For Garrett, the plague and Ebola outbreaks are important because they warn of an approaching apocalypse. Like the storms and floods that presage global warming, these catastrophes are signs of growing extremes in the socio-economic climate, including widening economic inequality, increased polarization between rich and poor, and reduced investments in health care everywhere:
If the passage of time finds ever- widening health gaps, disappearing middle classes, international financial lawlessness, and still-rising individualism, the essential elements of public health will be imperiled, perhaps nonexistent, all over the world.

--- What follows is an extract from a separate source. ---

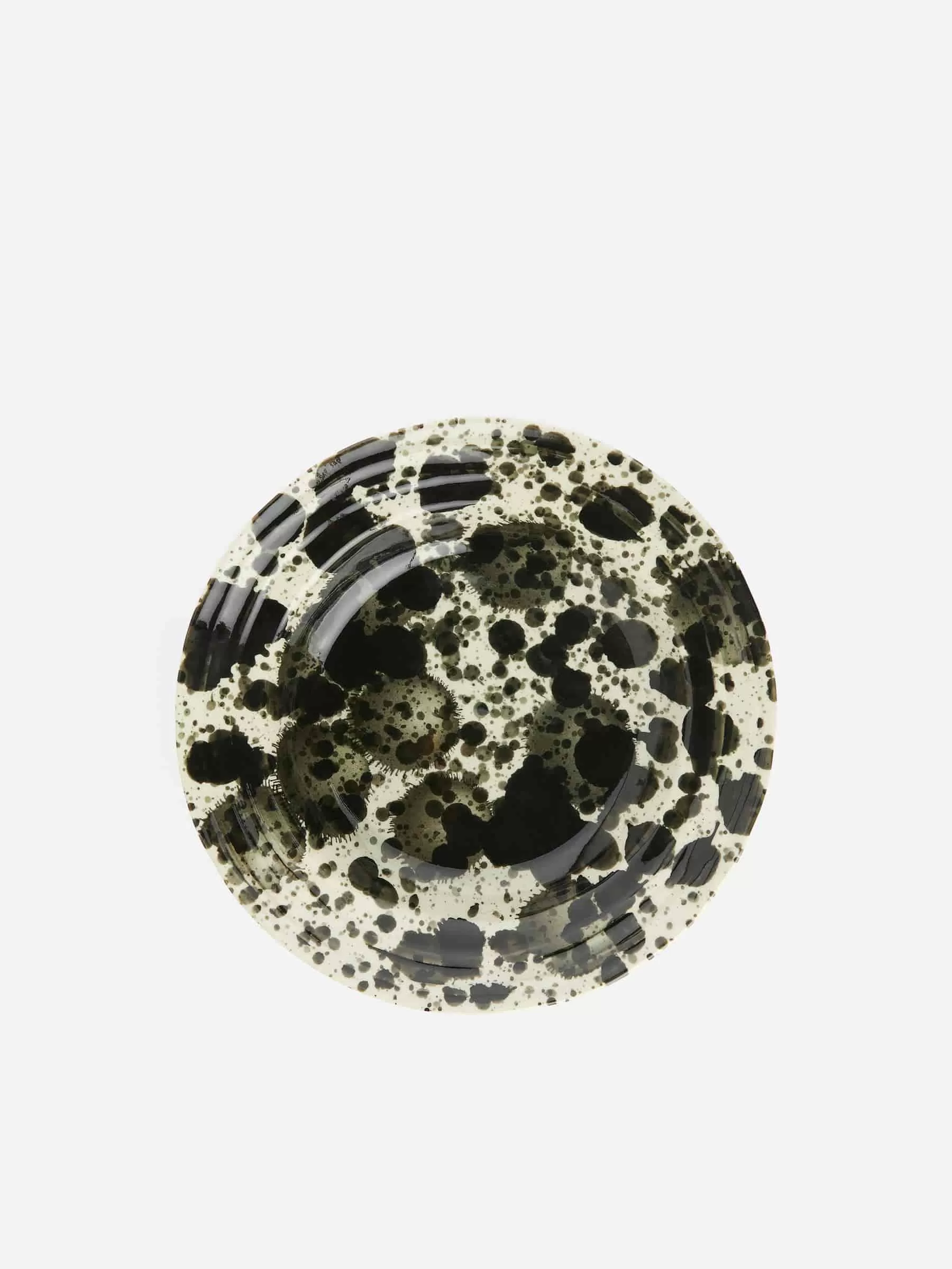Plato hondo para comer y servir. El plato está hecho de gres, presenta una forma ligeramente irregular y un patrón de salpicaduras pintado a mano. Cada pieza tiene un acabado único. Diámetro 21,5 cm, altura 3 cm.

Garrett's important message is weakened by a tendency toward overstatement. For example, she quotes without comment a source who claims that 800,000 Russians, or 5 percent, will be HIV-positive by the year 2000. In fact, 800,000 people (a realistic, if slightly inflated, estimate of the number of HIV-positive people in Russia today) is only 0.5 percent of the population of Russia. She also quotes without comment a Ukrainian doctor who says that by 2012, 70 percent of Odessans will be HIV-positive. Ukraine and Russia have serious HIV epidemics, but the infection is still confined largely to intravenous drug users and sex workers and their sexual partners, and has not spread widely in the general, non- drug-using population. Whether it does by 2012 depends on future patterns of drug use, sexually transmitted disease, and other circumstances that raise the risk of infection. Another source claims that by the year 2000, TB rates will increase fifty-fold in Russia (they have in fact increased 80 percent since 1990, mainly among prisoners).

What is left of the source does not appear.